Deer Valley Resort sees the possibility someday that people will be able to travel from Snow Park to Silver Lake and then to Deer Valley East Village, off U.S. 40 in Wasatch County, without needing tires.
The resort has outlined a conceptual route linking the three locales with a gondola line. It is one of the key steps designed to reduce traffic between the Deer Valley base areas. But even before the details of a gondola line have been debated, and long before construction may start, questions have been raised about whether it would be successful in cutting the number of vehicles traveling from one base area to another.
Three homeowners associations filed a petition in Third District Court in mid-January against City Hall challenging a significant development-related decision Park City leaders made in late 2023 regarding the future of the Snow Park base. Deer Valley is not a party to the case, but the filing nonetheless includes intriguing passages related directly to Snow Park and the wider future of development at the resort.
Deer Valley has described a conceptual continuous gondola route running from a point outside Snow Park Lodge to a midstation at Silver Lake Lodge. The line would then run to the planned Deer Valley East Village expansion before reaching the Deer Valley East Village base off U.S. 40. Riders would not be required to change gondola cabins as they move between Snow Park and Deer Valley East Village.
More than 1,200 parking spots are planned at Deer Valley East Village, and the resort hopes the parking options there will influence skiers to start their day at Deer Valley East Village rather than driving to Snow Park. Deer Valley East Village is widely known by its former name Mayflower.
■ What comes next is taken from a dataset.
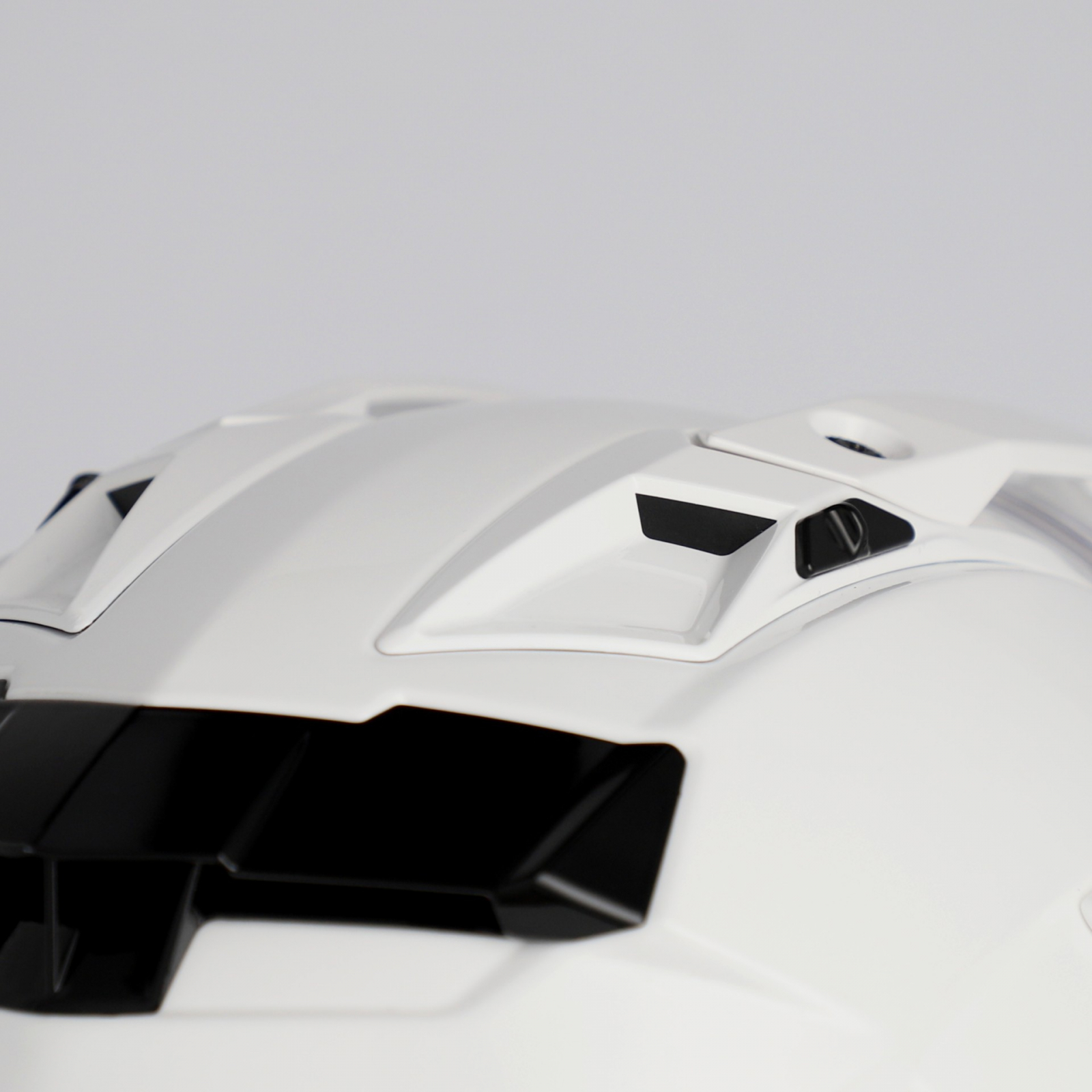 Ideală pentru cei cărora le place să abordeze teren accidentat și drumeții lungi, această cască a fost creată pentru a asigura performanțe optime chiar și la viteze mari, menținând în același timp un confort ridicat. Carcasa este realizată din fibră, care oferă o rezistență excepțională, cu o greutate redusă de 1450 g ± 50 g în dimensiunea „M”. Datorită prizelor de aer frontale și superioare, aerul proaspăt este canalizat cu precizie pentru a oferi o ventilație eficientă, asigurând răcoare chiar și în zilele cele mai călduroase. Datorită și ieșirii din spate care permite evacuarea rapidă a aerului cald, menținând constant o temperatură internă optimă. Designul aerodinamic al căștii a fost dezvoltat pentru a minimiza rezistența aerului, contribuind la o călătorie mai lină și mai stabilă chiar și la viteze mari. Un pas uriaș înainte a fost făcut cu vârful aerodinamic inovator, fixat în 4 puncte în loc de tradiționalul 3, care asigură rezistență și stabilitate maximă, indiferent de circumstanțe.

The homeowners associations in their challenge included as an exhibit a Dec. 20 correspondence from their attorney to City Hall that addresses the gondola concept among a series of other topics. The assertions about whether a gondola would serve the purpose of reducing traffic stand out with the likelihood of difficult talks among Deer Valley, City Hall, people who live or own places in lower Deer Valley, and others.
The nine-page Dec. 20 correspondence from attorney Eric Lee to Park City Attorney Margaret Plane says there “is no study showing the proposed gondola connecting Mayflower and Snow Park will mitigate traffic issues in Park City” and calls the concept “a lengthy, indirect route along the new perimeter of the resort.”
“Skiers will not want to park at Mayflower only to take a long gondola ride to Snow Park when you can park there in the first place. Who wants to ride a series of gondolas from Mayflower to get to the best terrain on the opposite side of the resort, when you can more quickly access that terrain from starting points within Park City?” the correspondence says. “Skiers also will not want to take a long, indirect gondola ride back to Mayflower after skiing or après ski activities.”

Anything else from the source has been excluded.